*WHAT IS NEEDED:*
With pictures left out, write out exactly every line from the start of the data through the one that contains "HABIB WALA | |||".

(Records drawn from a dataset)
··········

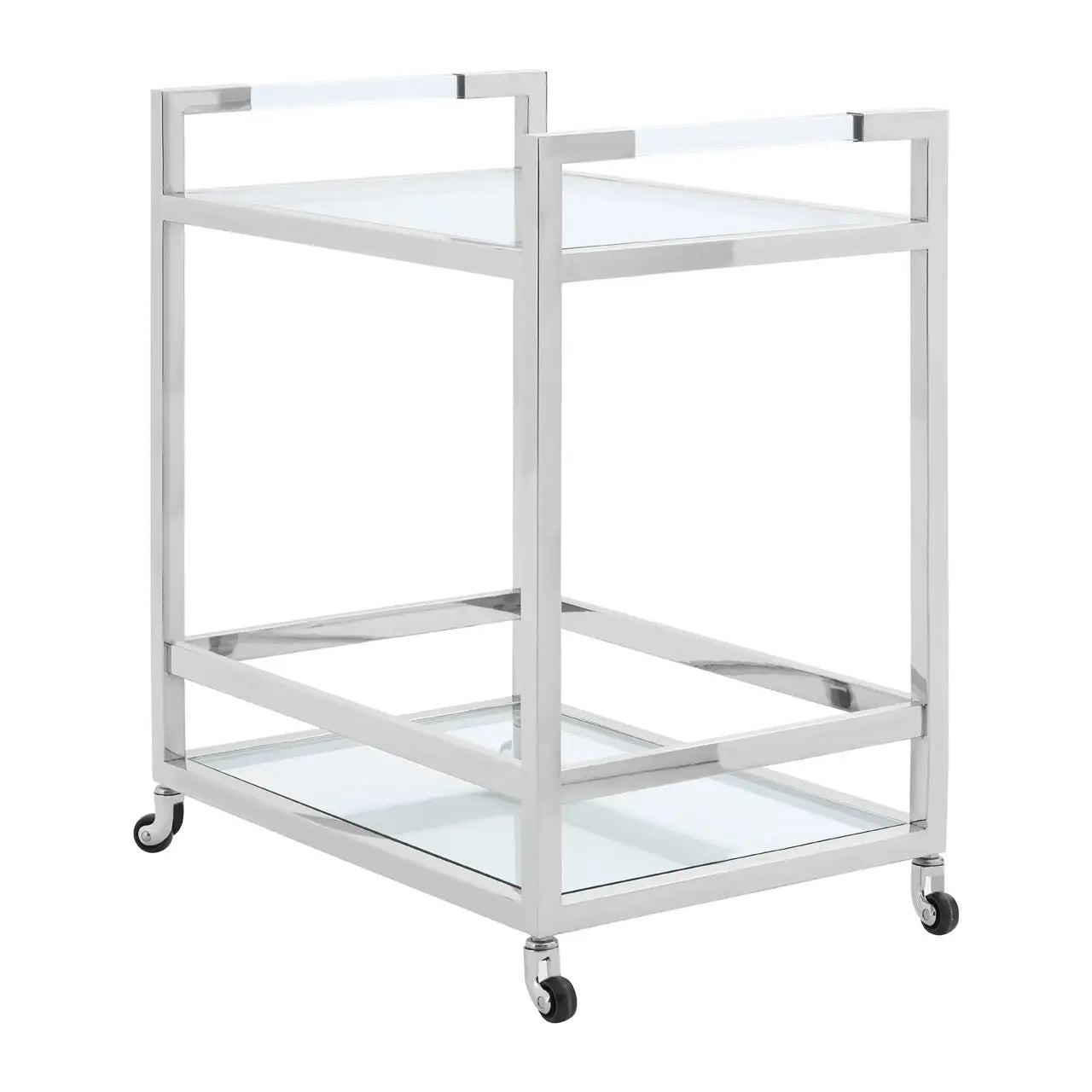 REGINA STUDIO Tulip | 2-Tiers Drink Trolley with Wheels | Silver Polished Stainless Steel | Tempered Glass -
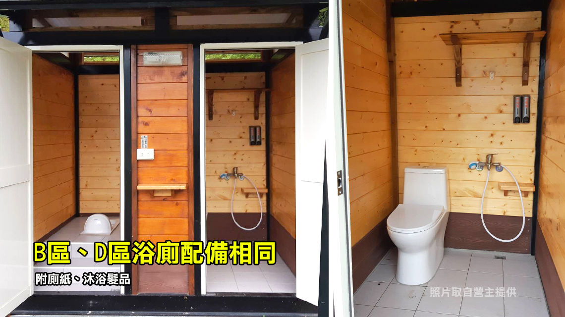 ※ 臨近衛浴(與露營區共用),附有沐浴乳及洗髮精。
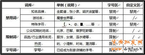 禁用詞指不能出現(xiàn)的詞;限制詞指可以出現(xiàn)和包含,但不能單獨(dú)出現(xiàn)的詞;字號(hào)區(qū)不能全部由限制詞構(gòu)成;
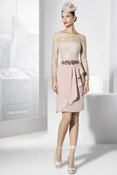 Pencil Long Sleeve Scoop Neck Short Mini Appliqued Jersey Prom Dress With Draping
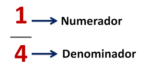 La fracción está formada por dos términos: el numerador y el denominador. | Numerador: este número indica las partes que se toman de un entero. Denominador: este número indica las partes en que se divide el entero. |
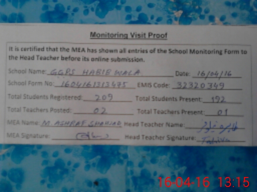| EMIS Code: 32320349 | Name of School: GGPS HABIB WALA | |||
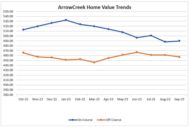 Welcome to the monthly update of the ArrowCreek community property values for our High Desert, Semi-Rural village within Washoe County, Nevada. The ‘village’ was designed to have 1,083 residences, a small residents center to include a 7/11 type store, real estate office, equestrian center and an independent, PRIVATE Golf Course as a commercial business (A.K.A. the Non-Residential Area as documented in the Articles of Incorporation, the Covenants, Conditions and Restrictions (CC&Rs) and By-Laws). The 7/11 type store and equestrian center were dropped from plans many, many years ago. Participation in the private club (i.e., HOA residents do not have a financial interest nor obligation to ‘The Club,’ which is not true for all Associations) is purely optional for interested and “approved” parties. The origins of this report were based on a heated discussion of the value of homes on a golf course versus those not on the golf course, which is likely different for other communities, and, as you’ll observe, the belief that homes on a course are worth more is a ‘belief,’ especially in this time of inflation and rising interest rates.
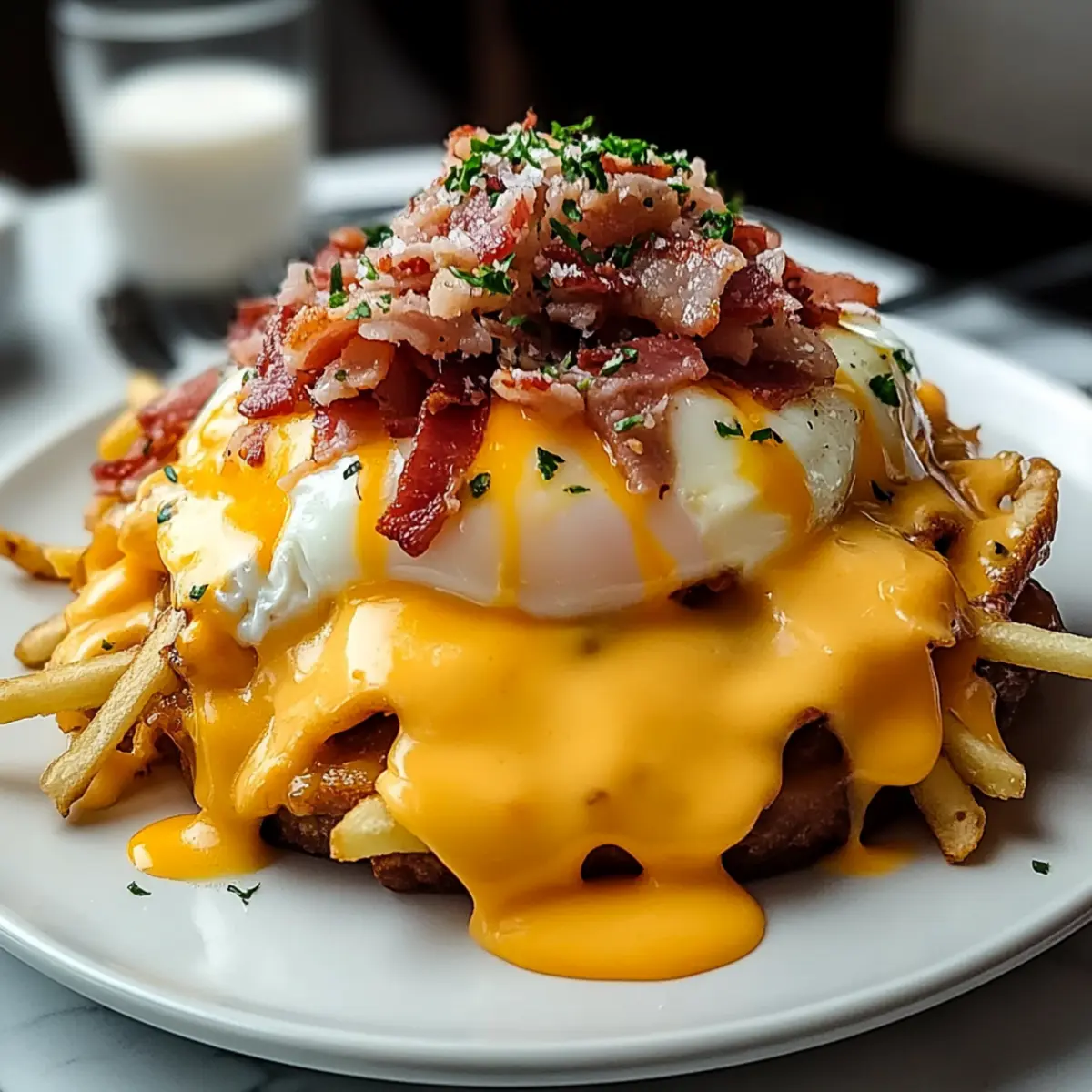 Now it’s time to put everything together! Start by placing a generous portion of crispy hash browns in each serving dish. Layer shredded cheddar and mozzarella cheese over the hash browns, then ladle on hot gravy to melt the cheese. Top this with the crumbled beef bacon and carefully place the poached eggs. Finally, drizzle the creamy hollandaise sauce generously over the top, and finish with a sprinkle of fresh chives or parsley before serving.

··········

*RESULT OF THE TASK:*
 REGINA STUDIO Tulip | 2-Tiers Drink Trolley with Wheels | Silver Polished Stainless Steel | Tempered Glass -
 ※ 臨近衛浴(與露營區共用),附有沐浴乳及洗髮精。
 禁用詞指不能出現(xiàn)的詞;限制詞指可以出現(xiàn)和包含,但不能單獨(dú)出現(xiàn)的詞;字號(hào)區(qū)不能全部由限制詞構(gòu)成;
 Pencil Long Sleeve Scoop Neck Short Mini Appliqued Jersey Prom Dress With Draping
 La fracción está formada por dos términos: el numerador y el denominador. | Numerador: este número indica las partes que se toman de un entero. Denominador: este número indica las partes en que se divide el entero. |
| EMIS Code: 32320349 | Name of School: GGPS HABIB WALA | |||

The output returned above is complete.